Dataset extract:

######

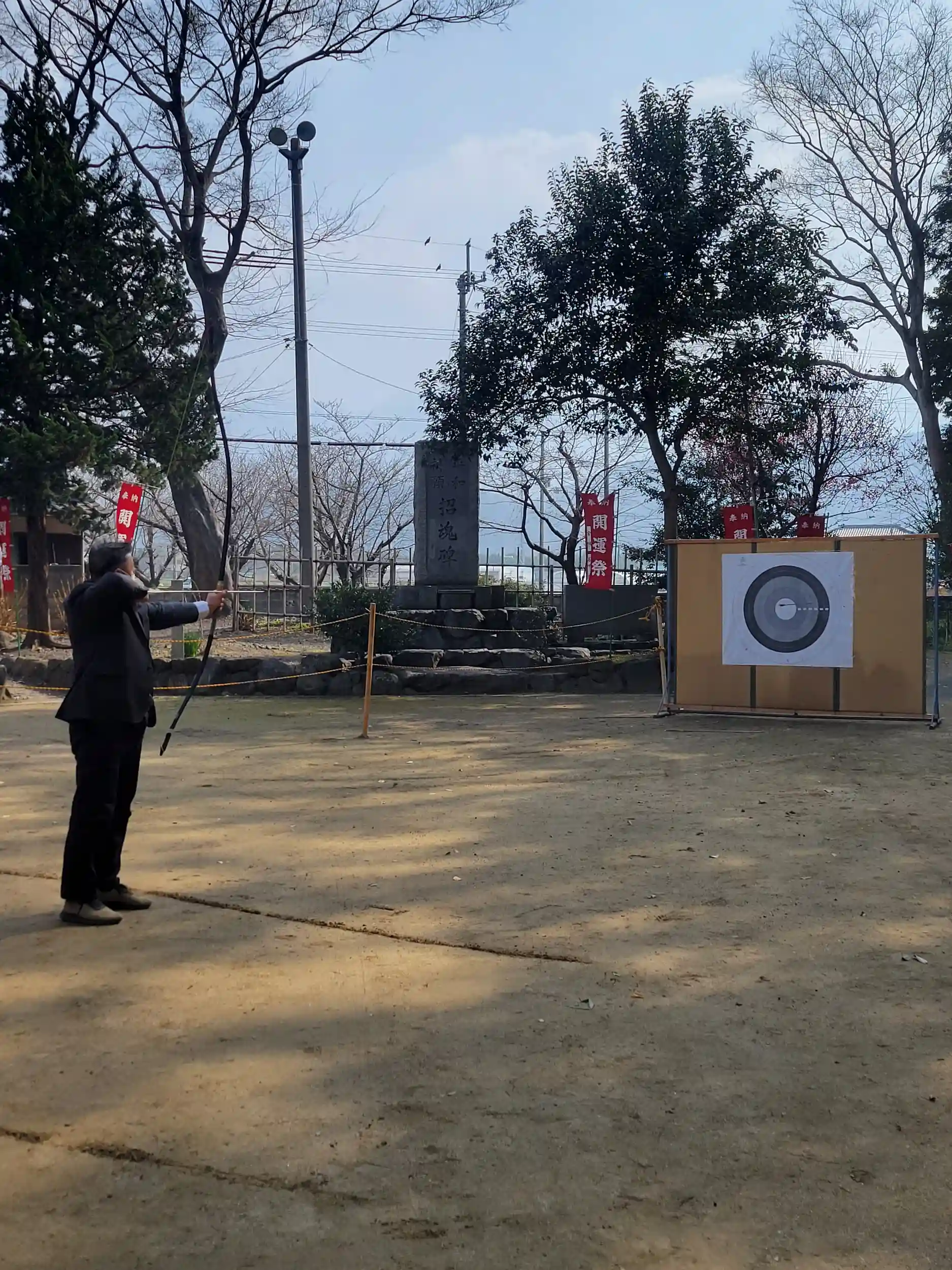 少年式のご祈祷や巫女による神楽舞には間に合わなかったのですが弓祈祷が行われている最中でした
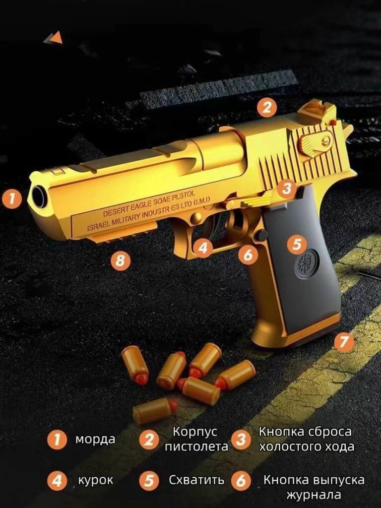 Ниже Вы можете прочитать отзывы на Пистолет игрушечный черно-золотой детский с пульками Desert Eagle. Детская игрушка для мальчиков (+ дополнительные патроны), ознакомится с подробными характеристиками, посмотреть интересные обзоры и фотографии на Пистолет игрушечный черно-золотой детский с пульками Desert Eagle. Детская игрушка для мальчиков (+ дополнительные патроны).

######

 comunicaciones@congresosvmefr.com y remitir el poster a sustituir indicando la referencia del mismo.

######

Exercise prompt: After locating the line containing "少年式のご祈祷や巫女による神" in the entries above, return it and every line after it exactly, ending at the line containing "Ниже Вы можете", without pictures.

Response:
 少年式のご祈祷や巫女による神楽舞には間に合わなかったのですが弓祈祷が行われている最中でした
 Ниже Вы можете прочитать отзывы на Пистолет игрушечный черно-золотой детский с пульками Desert Eagle. Детская игрушка для мальчиков (+ дополнительные патроны), ознакомится с подробными характеристиками, посмотреть интересные обзоры и фотографии на Пистолет игрушечный черно-золотой детский с пульками Desert Eagle. Детская игрушка для мальчиков (+ дополнительные патроны).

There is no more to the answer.